Zara owner Inditex has revealed slower sales growth at the start of its crucial Christmas shopping season, despite strong demand for its autumn and winter ranges.
The Spanish fast fashion giant reported a 10.5% rise in sales on a constant currency basis in the first nine months of 2024, but this was lower than expected in the market and the firm added that growth had slowed to 9% in the five weeks to December 9.
This compares with a 14% jump in sales at this stage a year earlier.
Shares in the European-listed firm fell 6% in Wednesday morning trading, although some of this was also thought to be a result of profit-taking after recent strong gains.
Inditex said its latest collections had been “very well received” by shoppers.
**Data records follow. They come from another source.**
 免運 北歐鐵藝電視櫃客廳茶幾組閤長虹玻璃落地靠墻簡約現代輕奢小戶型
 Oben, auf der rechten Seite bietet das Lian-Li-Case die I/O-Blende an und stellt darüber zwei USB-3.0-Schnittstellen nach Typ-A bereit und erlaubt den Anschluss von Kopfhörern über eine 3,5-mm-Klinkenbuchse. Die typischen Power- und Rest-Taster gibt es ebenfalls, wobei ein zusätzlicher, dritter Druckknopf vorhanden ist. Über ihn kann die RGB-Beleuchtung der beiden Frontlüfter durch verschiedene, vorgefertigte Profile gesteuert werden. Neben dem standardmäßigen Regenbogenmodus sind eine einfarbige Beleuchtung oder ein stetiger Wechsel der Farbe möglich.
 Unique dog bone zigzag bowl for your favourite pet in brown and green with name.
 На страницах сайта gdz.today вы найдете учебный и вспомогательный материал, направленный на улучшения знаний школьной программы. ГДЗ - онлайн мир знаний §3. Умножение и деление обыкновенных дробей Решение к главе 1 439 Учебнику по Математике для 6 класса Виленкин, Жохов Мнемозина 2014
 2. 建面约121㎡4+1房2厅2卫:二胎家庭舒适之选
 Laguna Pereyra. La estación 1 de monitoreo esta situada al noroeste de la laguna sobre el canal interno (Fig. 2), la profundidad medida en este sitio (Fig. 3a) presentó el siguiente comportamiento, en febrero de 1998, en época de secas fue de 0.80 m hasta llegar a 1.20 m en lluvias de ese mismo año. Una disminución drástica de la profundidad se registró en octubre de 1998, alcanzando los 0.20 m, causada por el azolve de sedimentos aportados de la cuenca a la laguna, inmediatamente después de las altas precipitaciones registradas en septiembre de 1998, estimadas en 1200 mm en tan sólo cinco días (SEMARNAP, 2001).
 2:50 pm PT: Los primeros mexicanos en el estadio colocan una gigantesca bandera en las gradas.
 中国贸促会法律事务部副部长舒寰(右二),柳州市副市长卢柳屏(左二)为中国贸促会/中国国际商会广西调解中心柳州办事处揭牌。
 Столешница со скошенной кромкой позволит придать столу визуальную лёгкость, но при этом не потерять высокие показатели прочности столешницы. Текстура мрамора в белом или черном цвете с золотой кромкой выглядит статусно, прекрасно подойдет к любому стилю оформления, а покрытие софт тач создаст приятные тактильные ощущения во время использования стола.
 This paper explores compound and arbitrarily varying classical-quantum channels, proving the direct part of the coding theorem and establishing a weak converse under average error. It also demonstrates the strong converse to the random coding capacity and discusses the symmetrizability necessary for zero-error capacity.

Its pre-tax profits lifted 9.9% to 5.8 billion euros (£4.8 billion) in the nine months as it shrugged off costs and weather woes that hit some high street rivals.
H&M warned in September that it would not meet its profitability target this year after a weather hit to sales and amid cost pressures.
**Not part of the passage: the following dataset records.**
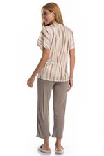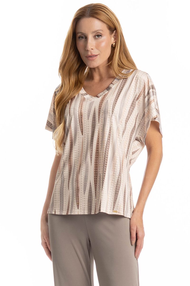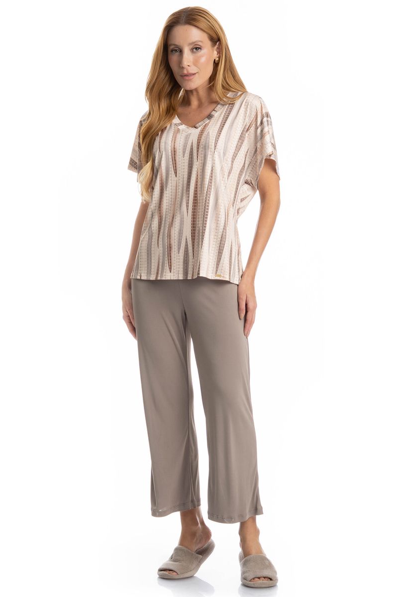 Pijama Feminino Capri Gisele é conforto para suas noites! Em modelagem ampla e confortável, sua blusa possui manga curta e decote em V com acabamento em gola. Detalhe para a plaquinha logo Daniela Tombini na lateral inferior esquerda da peça. Já a sua calça em modelagem capri, possui elástico macio no cós que garante muito conforto. Muito estilo, leveza e suavidade nos melhores momentos!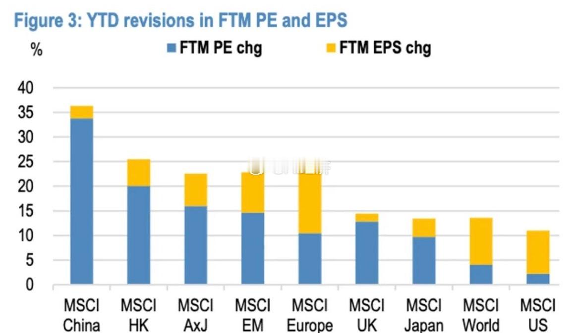 MSCI中国指数的远期市盈率在年内扩张超过30%,而同期的远期每股收益(EPS)增长则出现停滞(从7月初的5.8%下调至1.6%),显示估值拉升已部分脱离基本面支撑。这一背离是机构持谨慎立场的核心原因。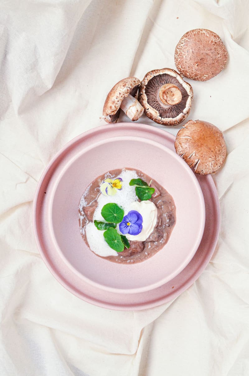En una olla calentar el aceite y colocar la cebolla cortada en cubos y el ajo picado. Sofreír. Agregar los hongos portobello cortados en cuartos y saltear unos minutos. Agregar el vino para desglasar y dejar reducir unos minutos. Colocar la leche de avena e ir removiendo. Una vez que hierve, salpimentar y servir.
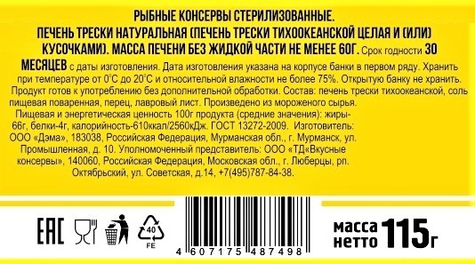 Печень трески Вкусные Консервы - уникальный продукт, который сочетает изысканный вкус и богатейший набор питательных веществ, делая его идеальным выбором для ценителей качественной еды и осознанного питания. Это один из самых богатых источников витамина D и омега‑3 жирных кислот.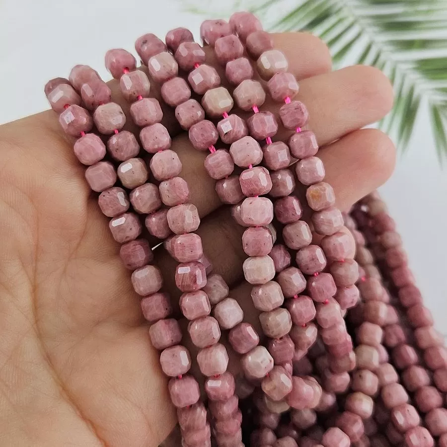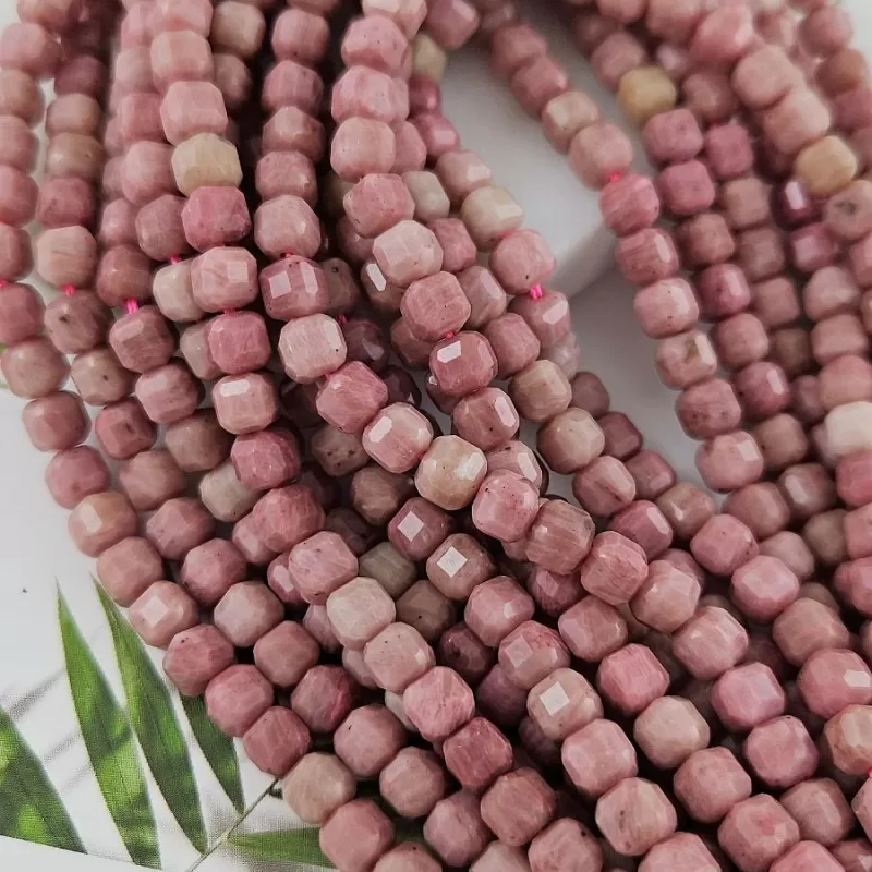 Нить 16 см, Родонит 5–6 мм, бусины гранёный куб, отверстие ок. 1 мм (арт. 9939-РОД)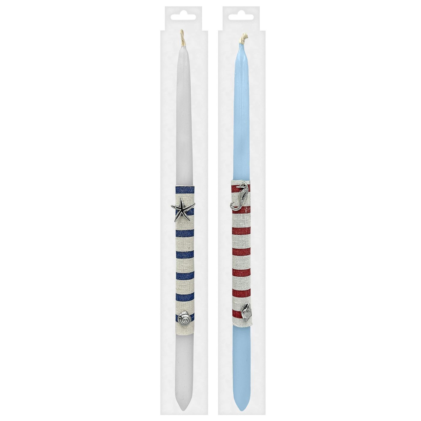 33 cm candle decorated with metal shells, designed for Easter use and as an elegant decorative element. The metal finish on the shells adds shine and texture, suitable for ceremony decoration or as a gift. Compatible with traditional candle use and as a seasonal decoration item in shop windows and homes.

Inditex said nine-month sales grew across all its brands, which also includes Massimo Dutti, Pull & Bear, Bershka and Stradivarius.
Inditex said it “continues to see strong growth opportunities”.
It added: “Our key priorities are to continually improve the fashion proposition, to enhance the customer experience, to increase our focus on sustainability and to preserve the talent and commitment of our people.
“Prioritising these areas will drive long-term growth.”